Abbas sagte, bei den derzeit laufenden Gesprächen unter Vermittlung der USA handele es sich wohl um die letzte Chance für einen gerechten Frieden. «Die Zeit läuft uns davon, das Zeitfenster für den Frieden wird kleiner und die Möglichkeiten schwinden», sagte der Palästinenserpräsident. «Alleine schon der Gedanke an die katastrophalen und angstmachenden Konsequenzen des Scheiterns muss die internationale Staatengemeinschaft doch schon dazu bewegen, ihre Anstrengungen zu intensivieren, diese Chance zu nutzen.»

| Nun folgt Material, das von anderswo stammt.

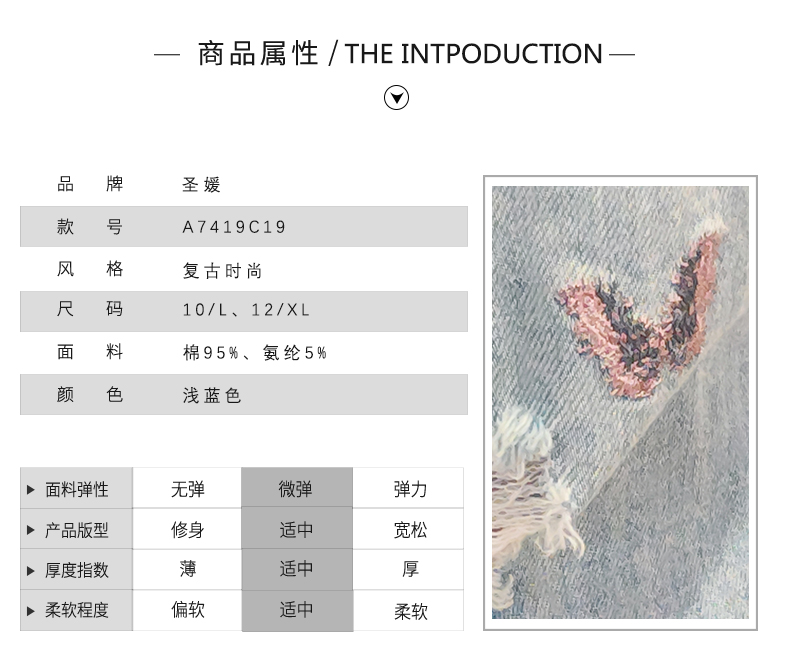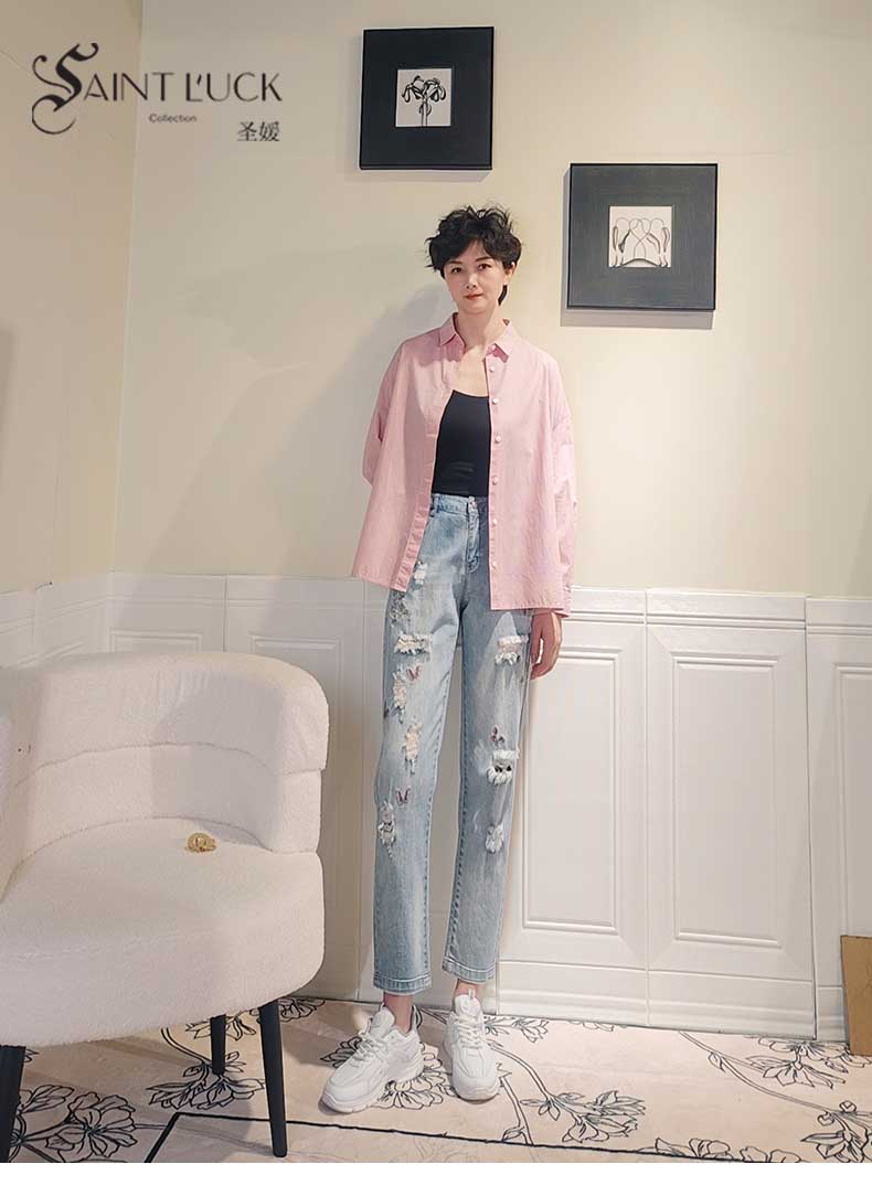SAINT L’UCK/圣媛女装刺绣牛仔裤A7419C19

Die Ausrufung eines Staates Palästina habe den Verhandlungen nicht geschadet, sondern im Gegenteil einen «komatösen Friedensprozess» wiederbelebt, sagte Abbas, der erstmals als «Staatsoberhaupt» und nicht mehr als «Delegationschef» vor der Vollversammlung sprach, nachdem das Gremium den Status Palästinas im vergangenen Jahr vom Beobachter zum Beobachterstaat aufgewertet hatte. «Mein Volk will nichts mehr als die Gnade eines gewöhnlichen Lebens.» Zugleich griff er Israel an - wenn auch weniger scharf als in den Vorjahren.

Deutschland strebt zusammen mit drei anderen Staaten weiterhin eine Reform des UN-Sicherheitsrats an. Die Außenminister der sogenannten G4-Gruppe (Deutschland, Japan, Indien und Brasilien plädierten für Änderungen, die «die Staatenwelt und die Realitäten des 21. Jahrhunderts widerspiegeln». Außenminister Guido Westerwelle (FDP) sprach von einer «wachsenden Unzufriedenheit» innerhalb der Vereinten Nationen über den derzeitigen Status. Eine rasche Reform halten Beobachter allerdings für ausgeschlossen.

Zuvor hatte die UN-Vollversammlung eine Abrüstung bei Atomwaffen gefordert. «Es geht um nicht weniger als die Zukunft der Menschheit», sagte UN-Generalsekretär Ban Ki Moon. Solange es Atomwaffen gebe, gebe es auch die Gefahr, dass sie Terroristen oder Extremisten in die Hände fallen. Deshalb hätten die Staaten mit Atomwaffen eine besondere Verantwortung, auch bei den Abrüstungsverhandlungen. Und: «Nordkorea muss seine Versprechen gegenüber der internationalen Gemeinschaft einhalten. Der Iran muss für volle Transparenz sorgen.»

Der iranische Präsident Hassan Ruhani machte im Namen der Bewegung der blockfreien Staaten einen weitreichenden Abrüstungsvorschlag. Er forderte die völlige Abschaffung von Atomwaffen. «Es gibt keine richtige Hände, in denen diese falschen Waffen liegen können», sagte er. «Jede Waffe ist eine Gefahr und ein Verbrechen gegen die Menschlichkeit.»

Konkret rief Ruhani Israel er auf, dem Atomwaffensperrvertrag sofort beizutreten. «Alle Atomaktivitäten in der Region sollten der Kontrolle der (Internationalen Atomenergieagentur) IAEA unterliegen», sagte er. Der Iran wird selbst verdächtigt, Atomwaffen anzustreben, weist dies aber strikt zurück.

Für Interesse sorgte auch ein Redner, der gar nicht erst redete: Der sudanesische Präsident Omar al-Baschir sagte seinen Besuch der Vollversammlung kurzfristig ab. Gegen Al-Baschir liegt ein Haftbefehl des Internationalen Strafgerichtshofs vor. Al-Baschirs Besuchspläne in New York hatten bei Menschenrechtsgruppen scharfen Protest ausgelöst.